_Exercise instructions_:
Take every record and write it out again exactly, with no images included.

= Beginning of Section =

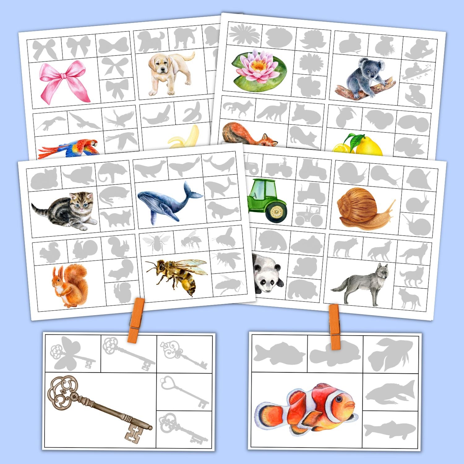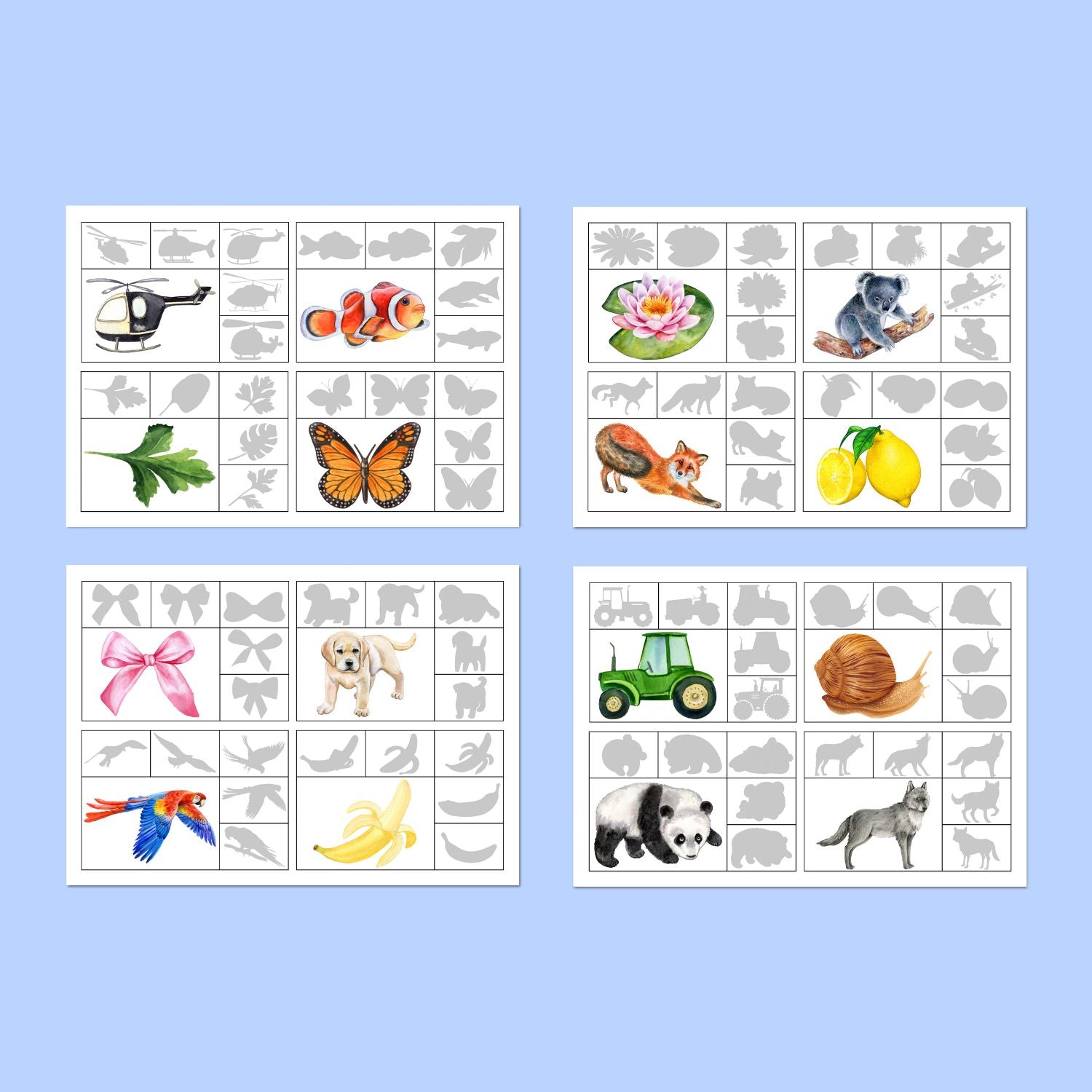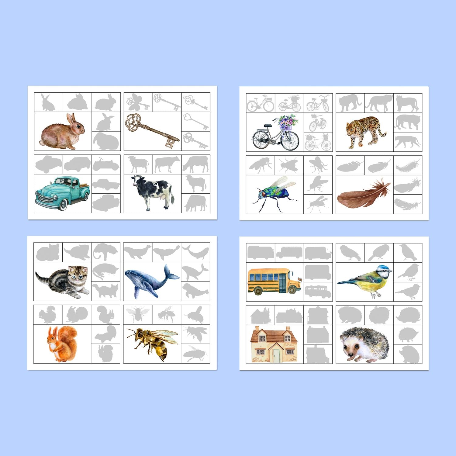 Šo mācību materiālu var izmantot arī citos veidos, piemēram mācot attēlā redzamos dzīvnieku un priekšmetu nosaukumus.
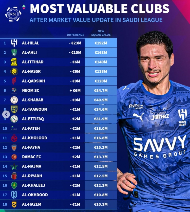 这份身价榜单不仅显示了沙特联赛的竞争态势,也反映了球队在转会市场上的活跃度与投资力度。
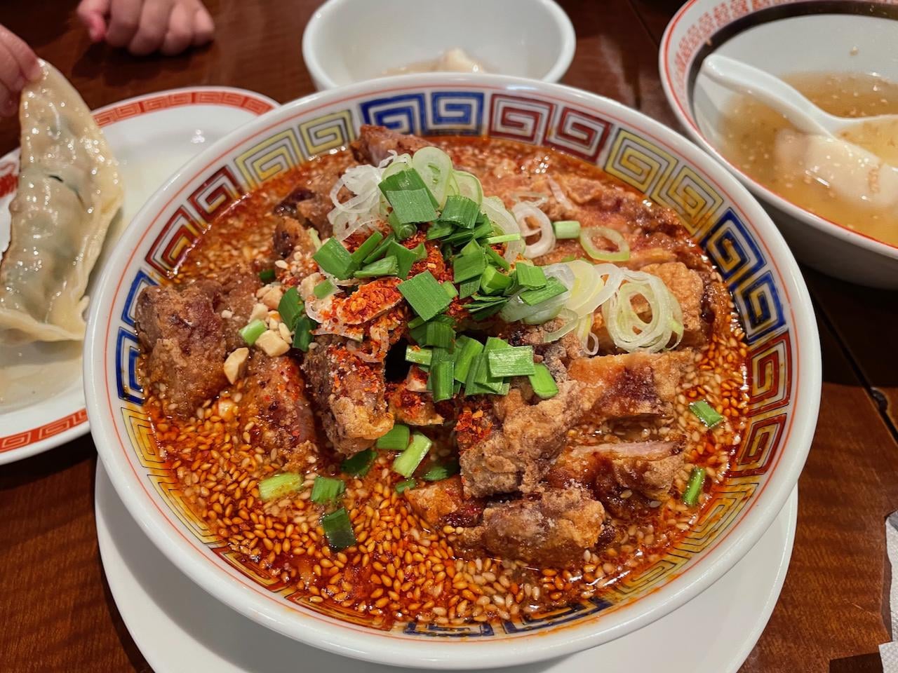 The gyoza place had some pretty good gyozas. But this spicy tantan or dandan noodles was a sleeper hit. Incredible depth of flavor for a chain. The chicken was crispy. It was spicy, but not that spicy since its Japan. Fire didnt come out of me the next day.
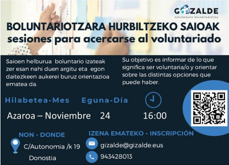 Gure hileroko boluntariotzara hurbiltzeko saioak azaroaren 24ean (16:00etan) izango dira. Boluntario izatea pentsatzen baduzu eta izan ditzakezun zalantzak argitu nahi badituzu.
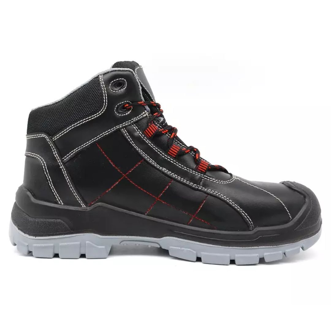 The 2025 New Anti Puncture Safety Shoes with Steel Toe ARL-TM188 are modern and robust safety footwear designed to provide essential protection in various work environments. Constructed with an injection-moulded method, these mid-cut shoes feature an upper made from durable corrected split cow leather. The sole is a dual-density PU, offering a balance of cushioning and excellent slip resistance. For enhanced comfort during long work hours, the lining is made of soft air mesh fabric, and the tongue and collar are made of high-density fabric for added support and comfort. These safety shoes are equipped with a steel toe cap that is impact-resistant up to 200 joules and a steel mid-plate that offers puncture resistance up to 1100 newtons, meeting CE EN ISO 20345 S3 SRC standards. These shoes are ideal for construction sites, super markets, and various other work environments where foot safety is crucial.
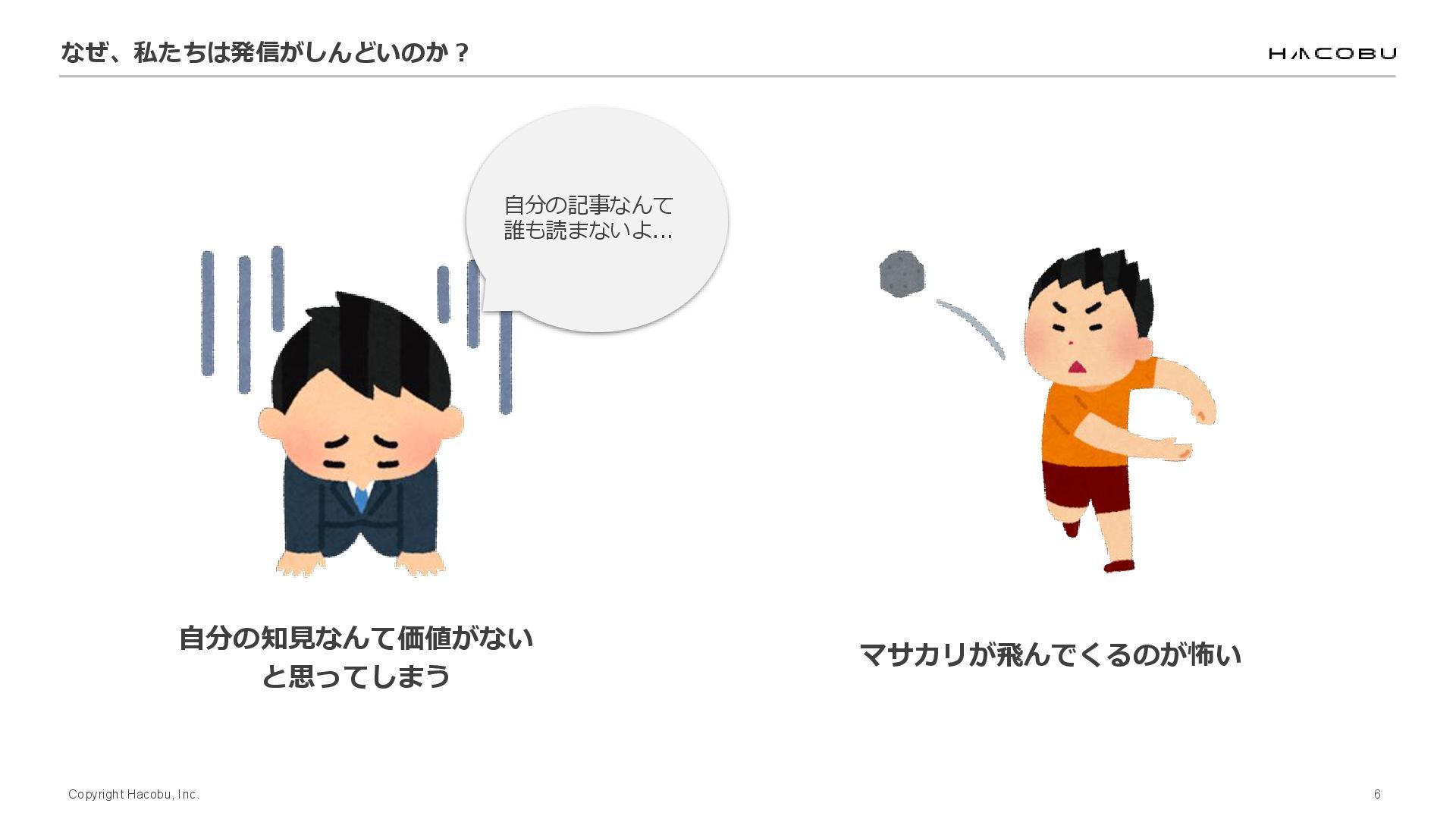 Copyright Hacobu, Inc. 7 なぜ、私たちは発信がしんどいのか? 自分の知見なんて価値がない と思ってしまう マサカリが飛んでくるのが怖い 自分の記事なんて 誰も読まないよ...

= End of Section =

_Exercise output_:
 Šo mācību materiālu var izmantot arī citos veidos, piemēram mācot attēlā redzamos dzīvnieku un priekšmetu nosaukumus.
 这份身价榜单不仅显示了沙特联赛的竞争态势,也反映了球队在转会市场上的活跃度与投资力度。
 The gyoza place had some pretty good gyozas. But this spicy tantan or dandan noodles was a sleeper hit. Incredible depth of flavor for a chain. The chicken was crispy. It was spicy, but not that spicy since its Japan. Fire didnt come out of me the next day.
 Gure hileroko boluntariotzara hurbiltzeko saioak azaroaren 24ean (16:00etan) izango dira. Boluntario izatea pentsatzen baduzu eta izan ditzakezun zalantzak argitu nahi badituzu.
 The 2025 New Anti Puncture Safety Shoes with Steel Toe ARL-TM188 are modern and robust safety footwear designed to provide essential protection in various work environments. Constructed with an injection-moulded method, these mid-cut shoes feature an upper made from durable corrected split cow leather. The sole is a dual-density PU, offering a balance of cushioning and excellent slip resistance. For enhanced comfort during long work hours, the lining is made of soft air mesh fabric, and the tongue and collar are made of high-density fabric for added support and comfort. These safety shoes are equipped with a steel toe cap that is impact-resistant up to 200 joules and a steel mid-plate that offers puncture resistance up to 1100 newtons, meeting CE EN ISO 20345 S3 SRC standards. These shoes are ideal for construction sites, super markets, and various other work environments where foot safety is crucial.
 Copyright Hacobu, Inc. 7 なぜ、私たちは発信がしんどいのか? 自分の知見なんて価値がない と思ってしまう マサカリが飛んでくるのが怖い 自分の記事なんて 誰も読まないよ...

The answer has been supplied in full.